Segment Start: GIVEN DATA

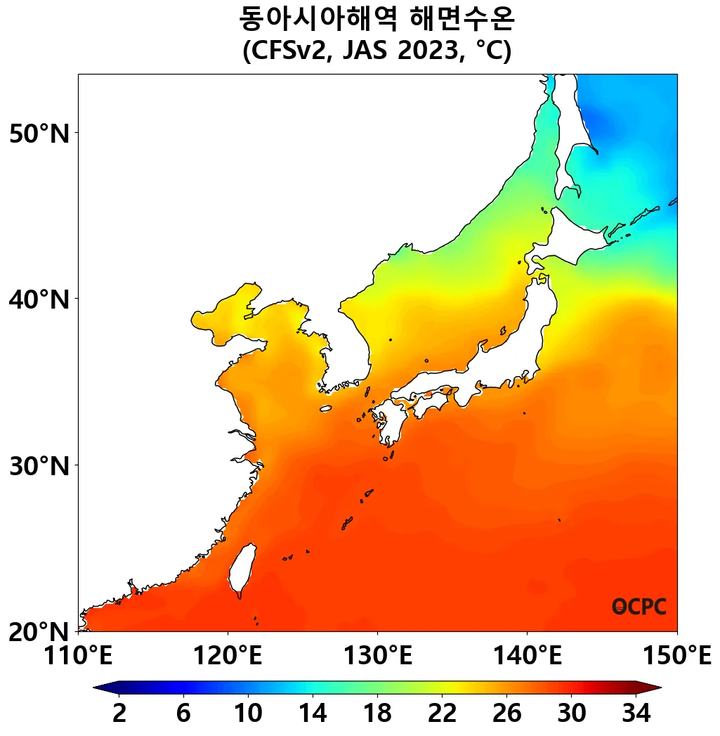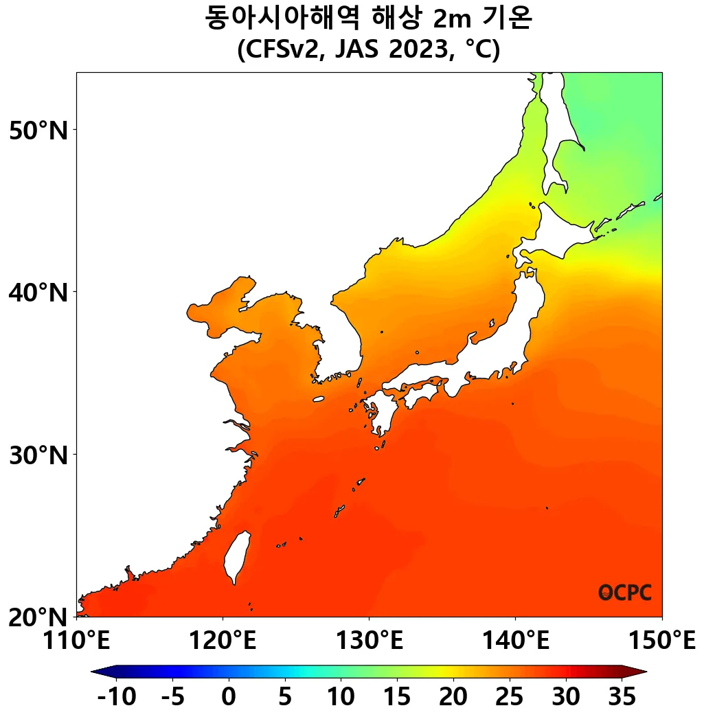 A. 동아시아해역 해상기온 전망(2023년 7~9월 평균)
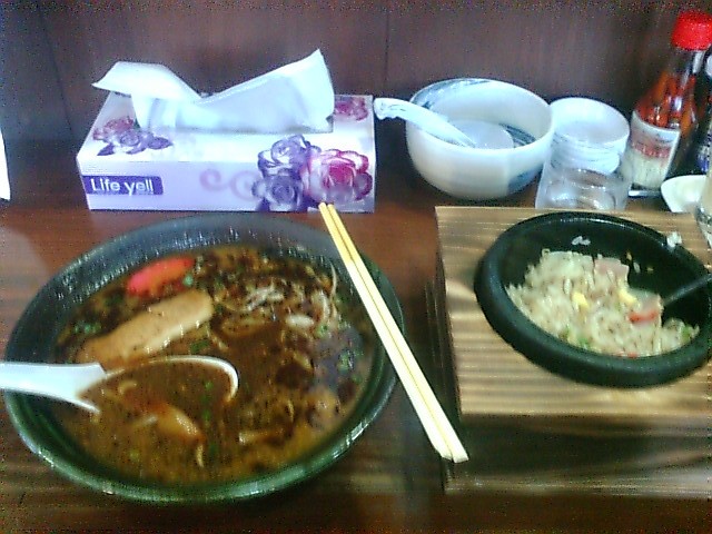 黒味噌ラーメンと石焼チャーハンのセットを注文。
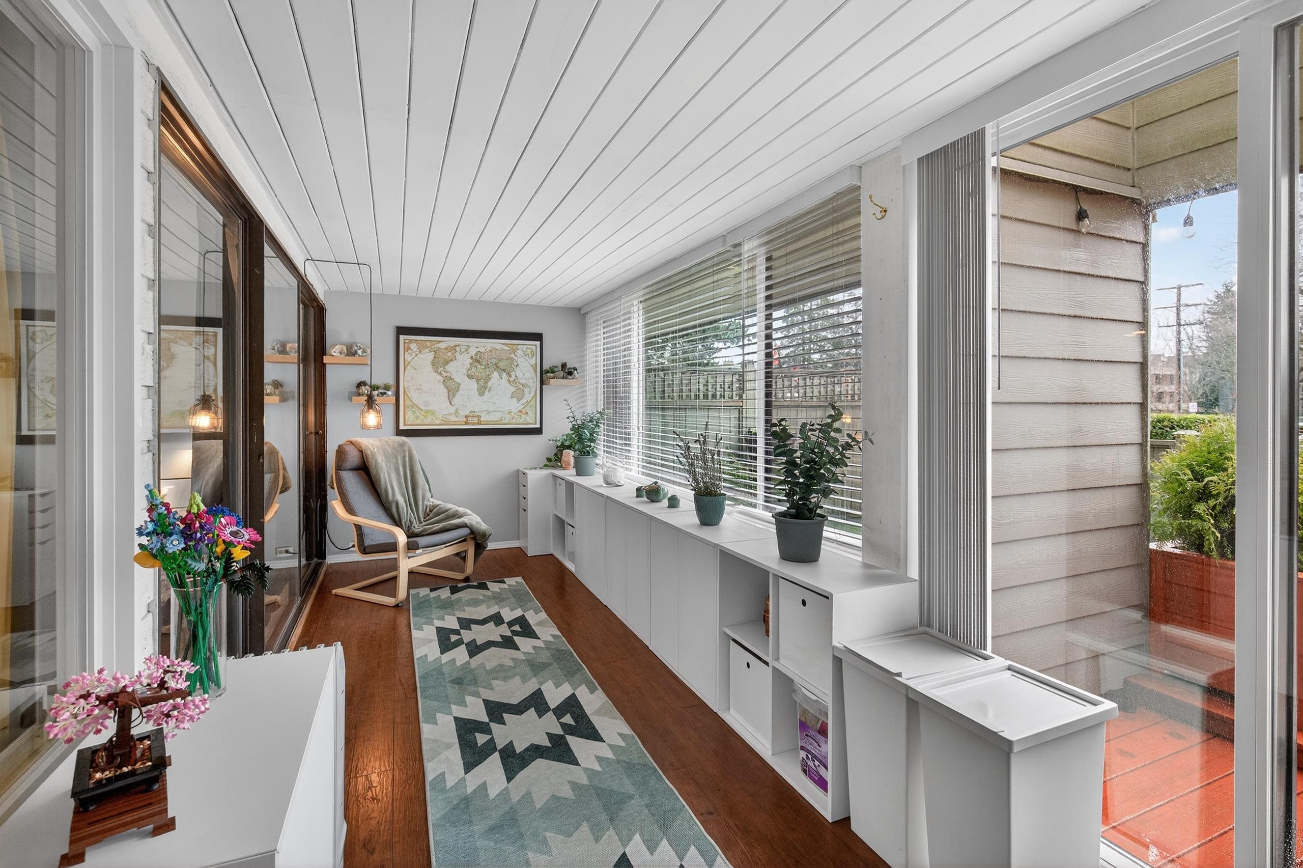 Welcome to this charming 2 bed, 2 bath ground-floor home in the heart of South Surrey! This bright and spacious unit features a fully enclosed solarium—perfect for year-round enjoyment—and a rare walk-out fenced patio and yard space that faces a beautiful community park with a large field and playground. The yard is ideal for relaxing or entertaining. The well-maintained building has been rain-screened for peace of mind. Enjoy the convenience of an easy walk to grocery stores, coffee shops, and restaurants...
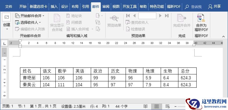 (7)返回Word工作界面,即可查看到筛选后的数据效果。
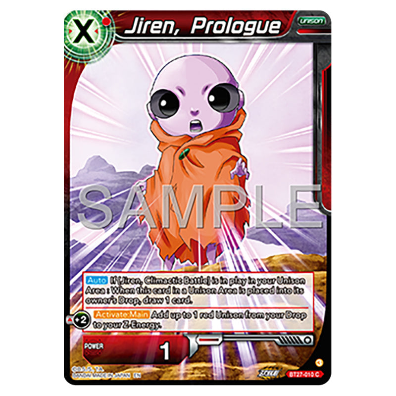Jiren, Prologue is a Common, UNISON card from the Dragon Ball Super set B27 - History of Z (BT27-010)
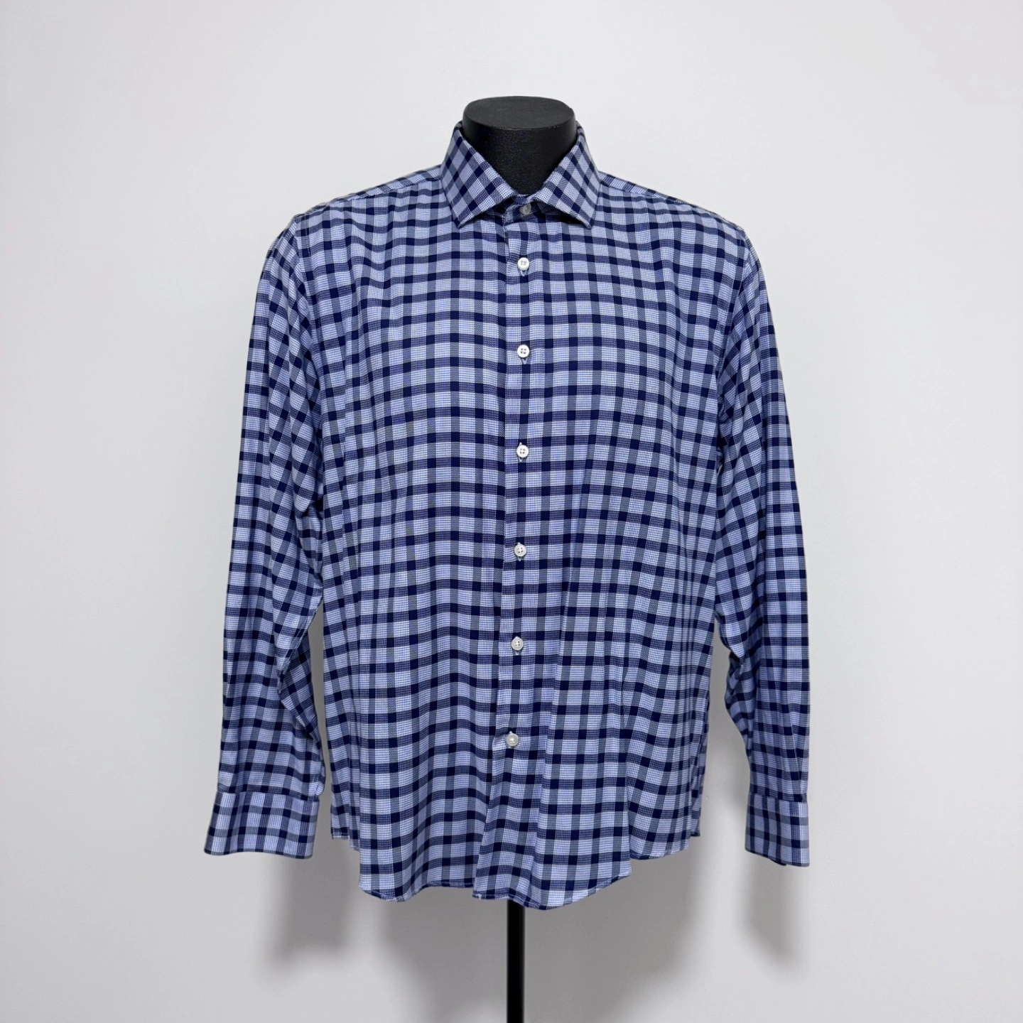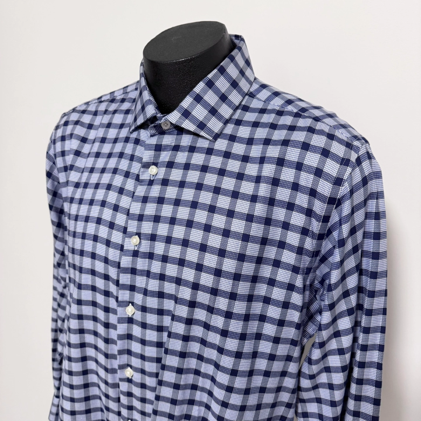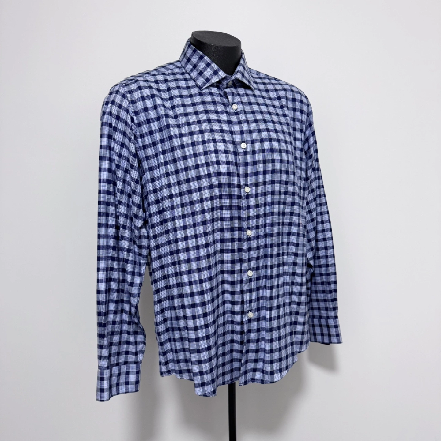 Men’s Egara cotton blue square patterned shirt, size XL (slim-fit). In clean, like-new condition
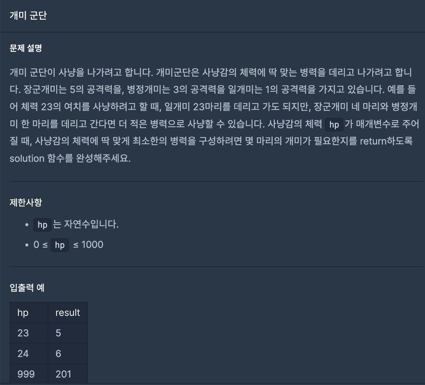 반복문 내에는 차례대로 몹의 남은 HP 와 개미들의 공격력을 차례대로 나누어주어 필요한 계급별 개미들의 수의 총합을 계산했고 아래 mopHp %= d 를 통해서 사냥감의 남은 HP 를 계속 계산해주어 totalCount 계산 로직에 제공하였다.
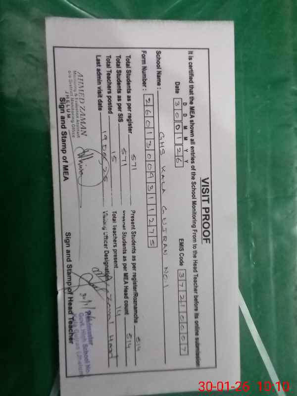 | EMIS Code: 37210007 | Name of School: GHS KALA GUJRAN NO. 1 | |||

Segment End: GIVEN DATA

__EXERCISE GOAL__. From the line with "Jiren, Prologue is" to the last line of the material, both inclusive, set down every line exactly and nothing else; omit pictures.

__EXPECTED OUTPUT__.
Jiren, Prologue is a Common, UNISON card from the Dragon Ball Super set B27 - History of Z (BT27-010)
 Men’s Egara cotton blue square patterned shirt, size XL (slim-fit). In clean, like-new condition
 반복문 내에는 차례대로 몹의 남은 HP 와 개미들의 공격력을 차례대로 나누어주어 필요한 계급별 개미들의 수의 총합을 계산했고 아래 mopHp %= d 를 통해서 사냥감의 남은 HP 를 계속 계산해주어 totalCount 계산 로직에 제공하였다.
 | EMIS Code: 37210007 | Name of School: GHS KALA GUJRAN NO. 1 | |||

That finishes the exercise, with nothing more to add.